1. Embracing the rigorous use of technology and data

Almost half of all healthcare executives believe their industry will experience significant digital disruption in the near future, notes the Harvard Business Review. It will require firms to employ more healthcare innovators, create a culture of data-driven decision-making and commit to being a more digitally adept organization to avoid being left behind.

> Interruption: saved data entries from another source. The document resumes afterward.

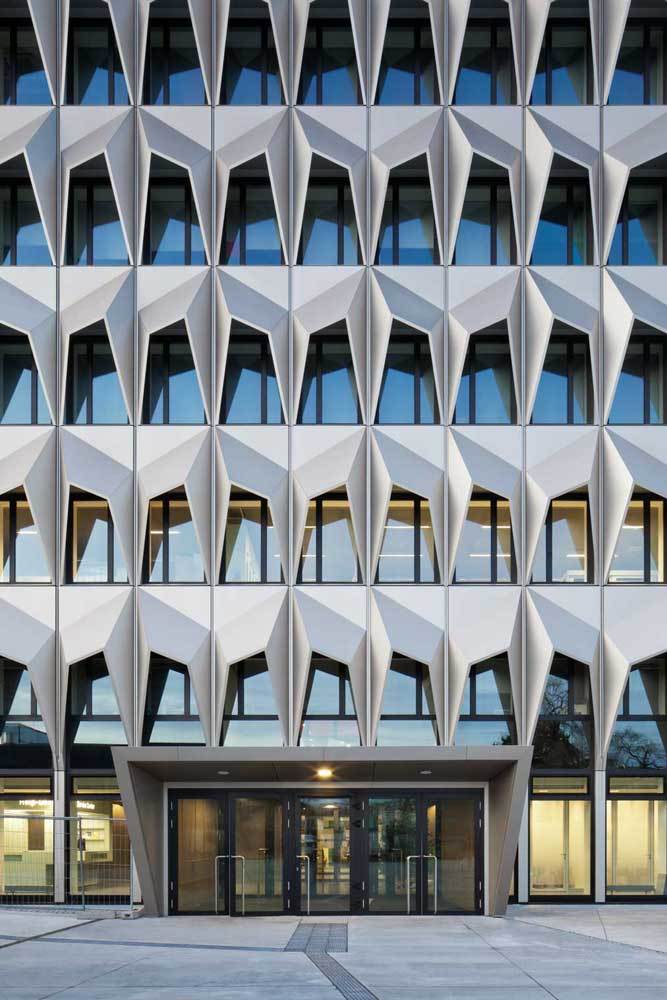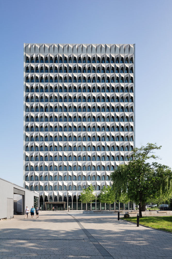 The plans here were for the C10 highrise building, built in the mid-1960s, to be architecturally remodelled and technologically upgraded so that it might continue in its emblematic status as sole highrise in the area to announce throughout the city the location of the Darmstadt University of Applied Arts campus. Each facade was lent a special quality according to the compass direction it faces and its setting within the campus and the city. The southern front, for example, was completely covered with three-dimensional light-metal folding elements functioning as sunshades for the existing windows and allowing for the optimum balance between daylight and sun protection. The geometric layout of the fixed, low-maintenance sunshades was developed with the help of the Transsolar company out of specifications calculated by simulating the course of the sun. The northern, longitudinal side of the building facing the city centre was given an elegant glazed facade of large panes equipped with vertical pilaster strips to shade the slanting rays of the eastern and western sun. The vertical light-metal relief on the east and west facades emphasises the upward thrust the narrow sides of the building, reinforcing the optical effect of its proportions.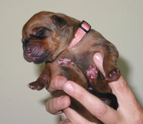 Nr. 6, Hündin, rosa, 560 g, korrekter Ridge, Rute ohne Tastbefund |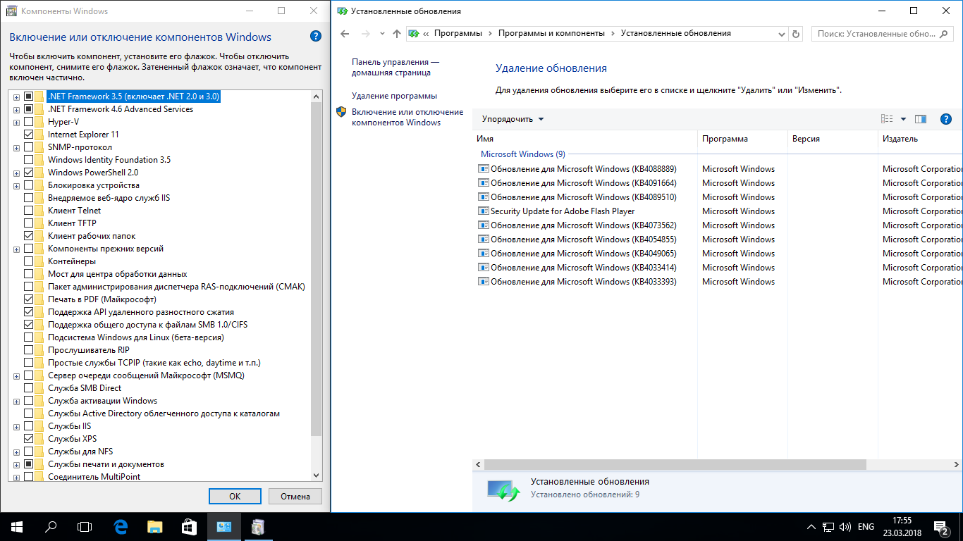 — Включен .Net Framework 3.5 (включая 2.0);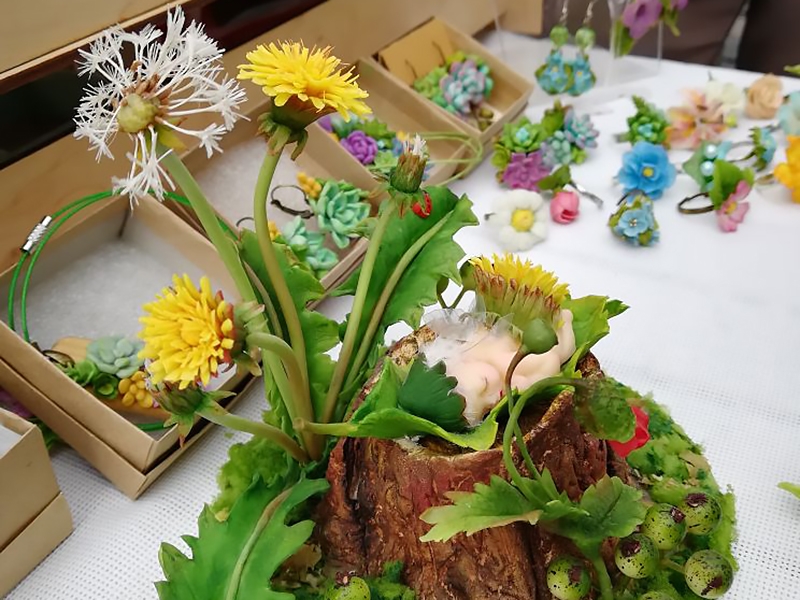 Очень яркие и правдоподобные «девчачьи» фиалки, ягодки, розы, хризантемы мастер украшений Наталья Вовченко делает из японской полимерной глины. В японском стиле, конечно. Не каждый, увидев колье, серьги или браслет поймет, что это бижутерия. Для девушки, сестры, подруги, мамы – неповторимый подарок к любому празднику!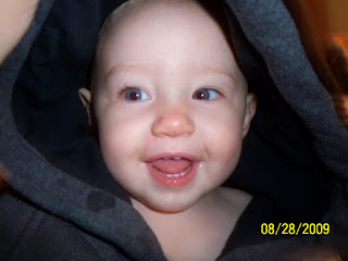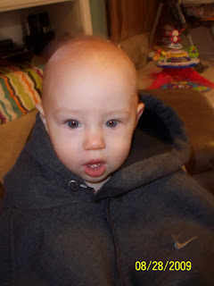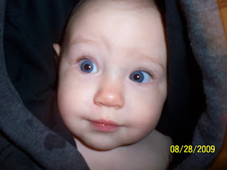 Ava has a new way that she likes to snuggle. One night i was at my parents house and we were sitting on the patio in the back yard. It started to rain and so i put her in a sweatshirt to keep her from getting wet or cold. The rain was not on us but sometimes would blow in the sides of the covered patio and it was still warm outside.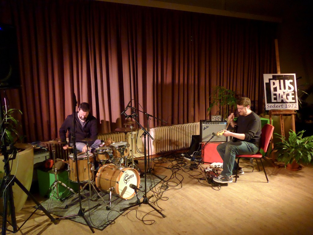 “We zijn al ongeveer een half uur onderweg tijdens de eerste set als ik voor het eerst iets hoor dat lijkt op gitaarspel, dat terwijl de Engelse gitarist Matthew Grigg, zoals gezegd, al enige tijd bezig is. Het kenmerkt in hoge mate dit concert in de Plus Etage, georganiseerd door Dirk Serries’ A New Wave of Jazz, waarin niets is wat het lijkt. Een drummer, de al even vrolijk buiten de hokjes kleurende Friso van Wijck en een gitarist, die alles doen behalve traditioneel drummen en gitaarspelen. Wat we dan wel krijgen: grenzeloze creativiteit, volop experiment en een breed scala aan geluiden die ik het ene moment eerder associeer met een wandeling door de natuur en het andere moment met een wandeling door een drukke stad.

As a health insurer focused on Medicaid patients, we believe data is critical for understanding our cost drivers as well as helping assisting our members make informed care decisions. Our team members often meet patients in person, collecting and analyzing data using tablets that offer access to crucial cloud-based information.

By studying this data, we can identify patterns and gain a better understanding of what’s driving a member’s health issues, and focus on ways to create better value.

2. Cultivating deep community connections

Population health changes, including demographic shifts and the growth in chronic disease, demand innovation at all levels of the service delivery model. But to truly make the healthcare innovations that will have impact, it’s critical to truly understand the community you serve and be part of it.

NextLevel Health’s team reflects the communities it serves: 80 percent of our staff is minority, and over 60 percent live in, or near the communities we serve. We also maintain offices in our communities to provide convenient access to our services and hire locally, providing entry-level opportunities for lay people to be part of delivery system reform. .

This commitment to the community plays an important role both in the way our members view us and for those who interact with us and may become future members. For healthcare innovators, trust is important as we embark on a new way of approaching medical care.

3. Forming key partnerships

The disadvantaged communities we serve face unique challenges and call for creative approaches. For example, it’s difficult to receive care if you can’t get to the provider, so NextLevel Health has partnered with small, minority-owned transportation businesses on Chicago’s South and West Sides and is creating an Uber-like system over our platforms that enable caregivers or members to order services.

Other key community partnerships, such as the ones we have forged with Trilogy, a community–based mental health organization addressing housing needs, and Chicago Metropolitan Breast Cancer Task Force, which provides specialty patient navigators for members with breast cancer, deepen our local ties and also helps us expand the services we can help our members access. These partnerships also enable to us gain keener insights into our community’s broader needs.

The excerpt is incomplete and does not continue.